Task item — In the data below, find the line with "מיטי אברהם אבינו..." and the line with "11月16日(金)に同好会O", then restate both and every line between them exactly, minus the pictures.

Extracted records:

Start of Block

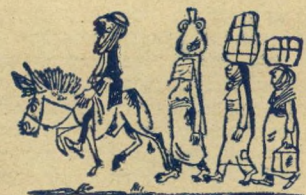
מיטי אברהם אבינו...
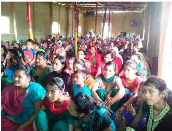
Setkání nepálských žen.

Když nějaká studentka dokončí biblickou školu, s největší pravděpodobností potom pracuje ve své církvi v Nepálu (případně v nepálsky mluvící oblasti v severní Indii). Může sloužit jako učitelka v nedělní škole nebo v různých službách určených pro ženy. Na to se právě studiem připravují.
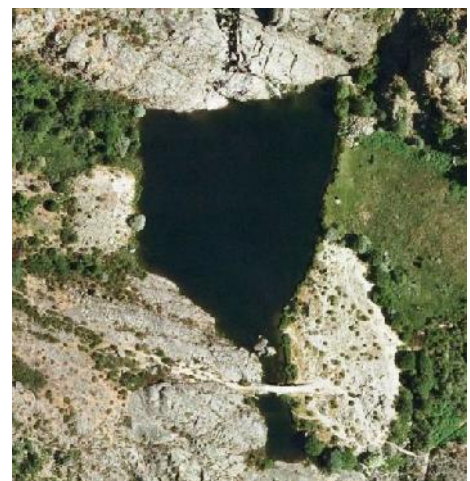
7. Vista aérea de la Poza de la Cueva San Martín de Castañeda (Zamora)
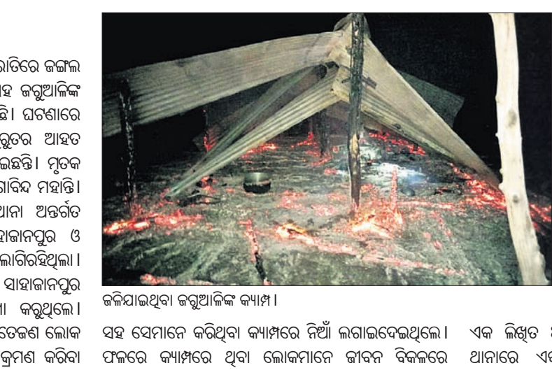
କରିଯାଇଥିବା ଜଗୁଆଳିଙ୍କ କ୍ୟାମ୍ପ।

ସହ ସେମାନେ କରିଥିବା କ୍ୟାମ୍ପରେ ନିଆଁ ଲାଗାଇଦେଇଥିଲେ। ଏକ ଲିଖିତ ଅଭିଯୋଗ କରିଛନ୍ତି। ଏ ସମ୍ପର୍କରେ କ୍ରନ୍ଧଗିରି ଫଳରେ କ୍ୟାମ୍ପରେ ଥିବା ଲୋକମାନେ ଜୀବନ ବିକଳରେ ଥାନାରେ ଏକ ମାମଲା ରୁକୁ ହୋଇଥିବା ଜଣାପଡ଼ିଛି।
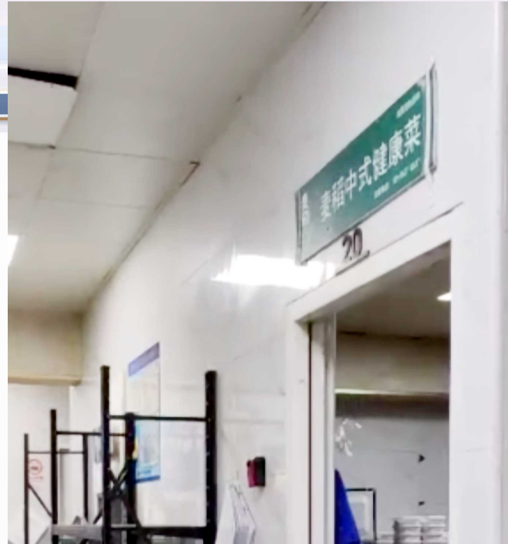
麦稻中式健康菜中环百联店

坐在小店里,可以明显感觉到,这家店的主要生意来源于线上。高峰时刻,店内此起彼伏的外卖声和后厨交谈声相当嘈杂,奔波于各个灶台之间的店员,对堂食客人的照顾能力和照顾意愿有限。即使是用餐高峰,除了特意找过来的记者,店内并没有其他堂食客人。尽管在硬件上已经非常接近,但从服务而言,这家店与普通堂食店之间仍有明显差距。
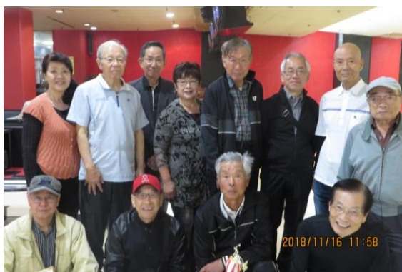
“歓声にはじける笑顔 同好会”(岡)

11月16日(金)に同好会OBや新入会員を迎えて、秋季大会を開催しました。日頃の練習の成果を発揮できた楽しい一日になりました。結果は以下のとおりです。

End of Block
Start of Block

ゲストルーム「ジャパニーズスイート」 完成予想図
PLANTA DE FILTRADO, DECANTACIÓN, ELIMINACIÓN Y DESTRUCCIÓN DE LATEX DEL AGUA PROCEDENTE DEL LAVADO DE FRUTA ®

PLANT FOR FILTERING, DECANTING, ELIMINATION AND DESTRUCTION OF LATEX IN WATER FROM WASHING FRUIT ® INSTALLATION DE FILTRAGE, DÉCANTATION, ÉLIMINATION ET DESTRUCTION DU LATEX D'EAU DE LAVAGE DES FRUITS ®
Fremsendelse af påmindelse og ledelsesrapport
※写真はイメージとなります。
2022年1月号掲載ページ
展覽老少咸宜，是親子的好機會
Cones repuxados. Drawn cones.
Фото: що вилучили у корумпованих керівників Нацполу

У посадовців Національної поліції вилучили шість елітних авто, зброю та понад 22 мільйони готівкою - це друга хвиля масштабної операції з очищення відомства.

End of Block
Start of Block

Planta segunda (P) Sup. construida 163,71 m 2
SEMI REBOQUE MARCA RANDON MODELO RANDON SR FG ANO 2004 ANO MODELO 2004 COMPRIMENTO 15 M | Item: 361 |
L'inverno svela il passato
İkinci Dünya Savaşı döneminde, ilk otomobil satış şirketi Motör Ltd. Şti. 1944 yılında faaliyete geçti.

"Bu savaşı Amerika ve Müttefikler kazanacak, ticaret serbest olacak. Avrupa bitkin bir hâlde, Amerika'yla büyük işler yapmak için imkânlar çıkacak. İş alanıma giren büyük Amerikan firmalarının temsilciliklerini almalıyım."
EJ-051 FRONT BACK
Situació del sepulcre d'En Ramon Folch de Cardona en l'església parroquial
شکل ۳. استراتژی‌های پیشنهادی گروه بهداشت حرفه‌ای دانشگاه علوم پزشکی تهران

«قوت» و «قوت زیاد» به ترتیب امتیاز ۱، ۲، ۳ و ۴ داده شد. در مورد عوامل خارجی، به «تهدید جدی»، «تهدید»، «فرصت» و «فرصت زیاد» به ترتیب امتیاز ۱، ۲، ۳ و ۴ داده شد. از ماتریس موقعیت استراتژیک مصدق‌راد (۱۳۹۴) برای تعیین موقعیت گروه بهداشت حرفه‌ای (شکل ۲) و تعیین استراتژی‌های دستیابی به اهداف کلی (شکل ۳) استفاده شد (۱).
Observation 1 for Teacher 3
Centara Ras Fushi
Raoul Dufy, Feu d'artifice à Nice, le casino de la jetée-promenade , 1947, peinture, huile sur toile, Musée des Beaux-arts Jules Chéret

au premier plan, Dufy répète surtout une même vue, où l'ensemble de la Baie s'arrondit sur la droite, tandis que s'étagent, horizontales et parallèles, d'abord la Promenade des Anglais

End of Block

Solution to the exercise —
מיטי אברהם אבינו...
Setkání nepálských žen.

Když nějaká studentka dokončí biblickou školu, s největší pravděpodobností potom pracuje ve své církvi v Nepálu (případně v nepálsky mluvící oblasti v severní Indii). Může sloužit jako učitelka v nedělní škole nebo v různých službách určených pro ženy. Na to se právě studiem připravují.
7. Vista aérea de la Poza de la Cueva San Martín de Castañeda (Zamora)
କରିଯାଇଥିବା ଜଗୁଆଳିଙ୍କ କ୍ୟାମ୍ପ।

ସହ ସେମାନେ କରିଥିବା କ୍ୟାମ୍ପରେ ନିଆଁ ଲାଗାଇଦେଇଥିଲେ। ଏକ ଲିଖିତ ଅଭିଯୋଗ କରିଛନ୍ତି। ଏ ସମ୍ପର୍କରେ କ୍ରନ୍ଧଗିରି ଫଳରେ କ୍ୟାମ୍ପରେ ଥିବା ଲୋକମାନେ ଜୀବନ ବିକଳରେ ଥାନାରେ ଏକ ମାମଲା ରୁକୁ ହୋଇଥିବା ଜଣାପଡ଼ିଛି।
麦稻中式健康菜中环百联店

坐在小店里,可以明显感觉到,这家店的主要生意来源于线上。高峰时刻,店内此起彼伏的外卖声和后厨交谈声相当嘈杂,奔波于各个灶台之间的店员,对堂食客人的照顾能力和照顾意愿有限。即使是用餐高峰,除了特意找过来的记者,店内并没有其他堂食客人。尽管在硬件上已经非常接近,但从服务而言,这家店与普通堂食店之间仍有明显差距。
“歓声にはじける笑顔 同好会”(岡)

11月16日(金)に同好会OBや新入会員を迎えて、秋季大会を開催しました。日頃の練習の成果を発揮できた楽しい一日になりました。結果は以下のとおりです。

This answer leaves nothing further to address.